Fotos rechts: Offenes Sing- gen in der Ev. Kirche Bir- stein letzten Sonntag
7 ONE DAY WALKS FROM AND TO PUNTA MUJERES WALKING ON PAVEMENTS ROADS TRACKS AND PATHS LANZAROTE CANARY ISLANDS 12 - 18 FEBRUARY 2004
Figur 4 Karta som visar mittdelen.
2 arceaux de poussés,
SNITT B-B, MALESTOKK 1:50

* * *

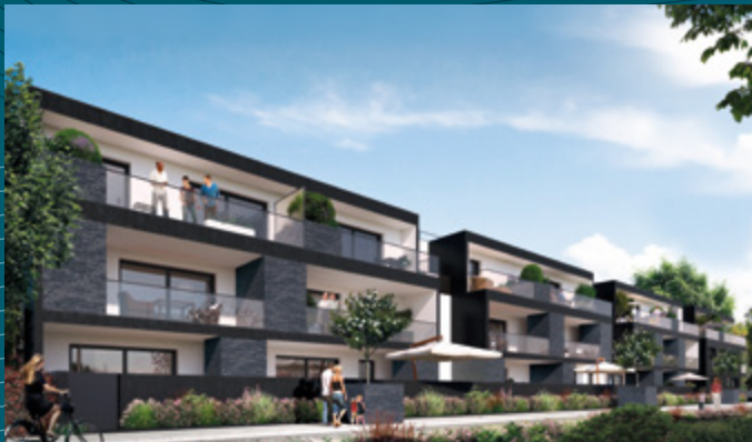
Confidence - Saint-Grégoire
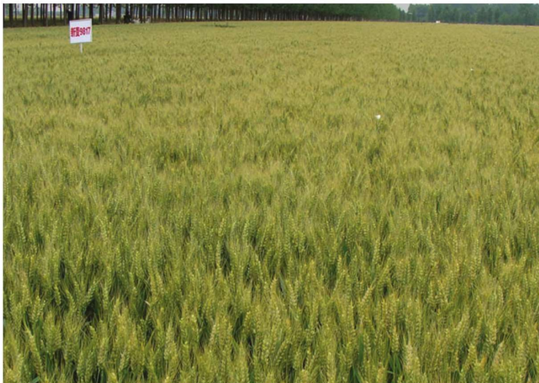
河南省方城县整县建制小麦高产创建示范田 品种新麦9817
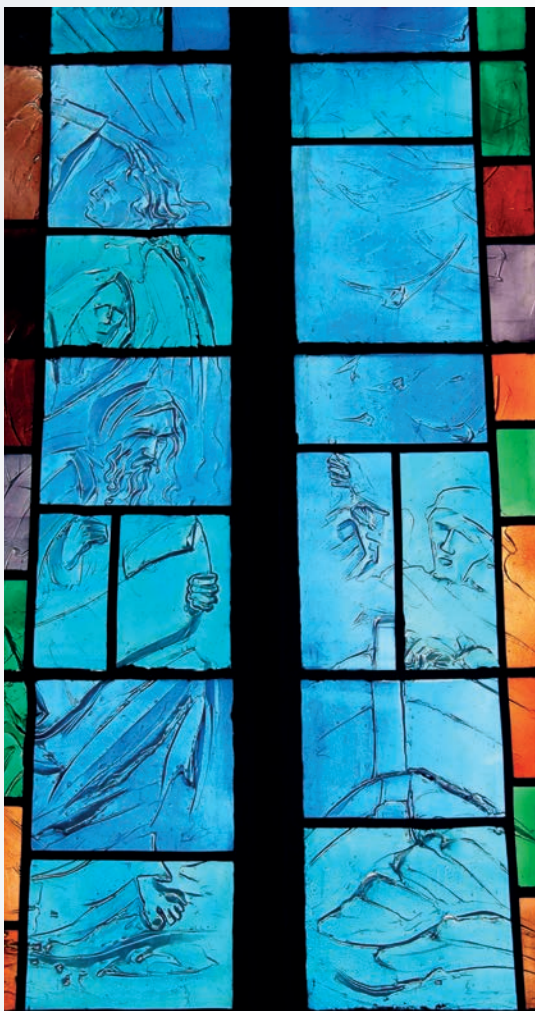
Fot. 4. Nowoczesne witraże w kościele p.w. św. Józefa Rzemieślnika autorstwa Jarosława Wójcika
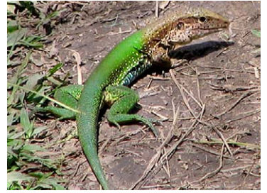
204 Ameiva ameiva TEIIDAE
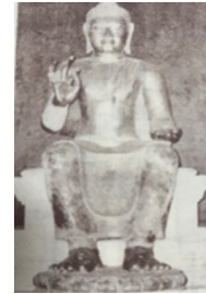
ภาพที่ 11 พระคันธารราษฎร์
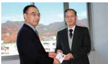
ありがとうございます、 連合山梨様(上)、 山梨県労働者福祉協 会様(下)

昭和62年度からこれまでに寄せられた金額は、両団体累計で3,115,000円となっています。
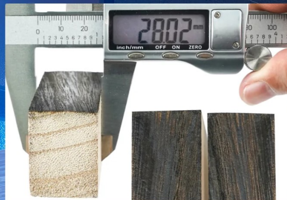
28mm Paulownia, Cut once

§ Required action:
Both the line above containing "Confidence - Saint-Grégoire" and the line containing "28mm Paulownia, Cut once" belong in the copy, along with every line between them; print these exactly and omit the pictures.

§ Answer to the problem:
Confidence - Saint-Grégoire
河南省方城县整县建制小麦高产创建示范田 品种新麦9817
Fot. 4. Nowoczesne witraże w kościele p.w. św. Józefa Rzemieślnika autorstwa Jarosława Wójcika
204 Ameiva ameiva TEIIDAE
ภาพที่ 11 พระคันธารราษฎร์
ありがとうございます、 連合山梨様(上)、 山梨県労働者福祉協 会様(下)

昭和62年度からこれまでに寄せられた金額は、両団体累計で3,115,000円となっています。
28mm Paulownia, Cut once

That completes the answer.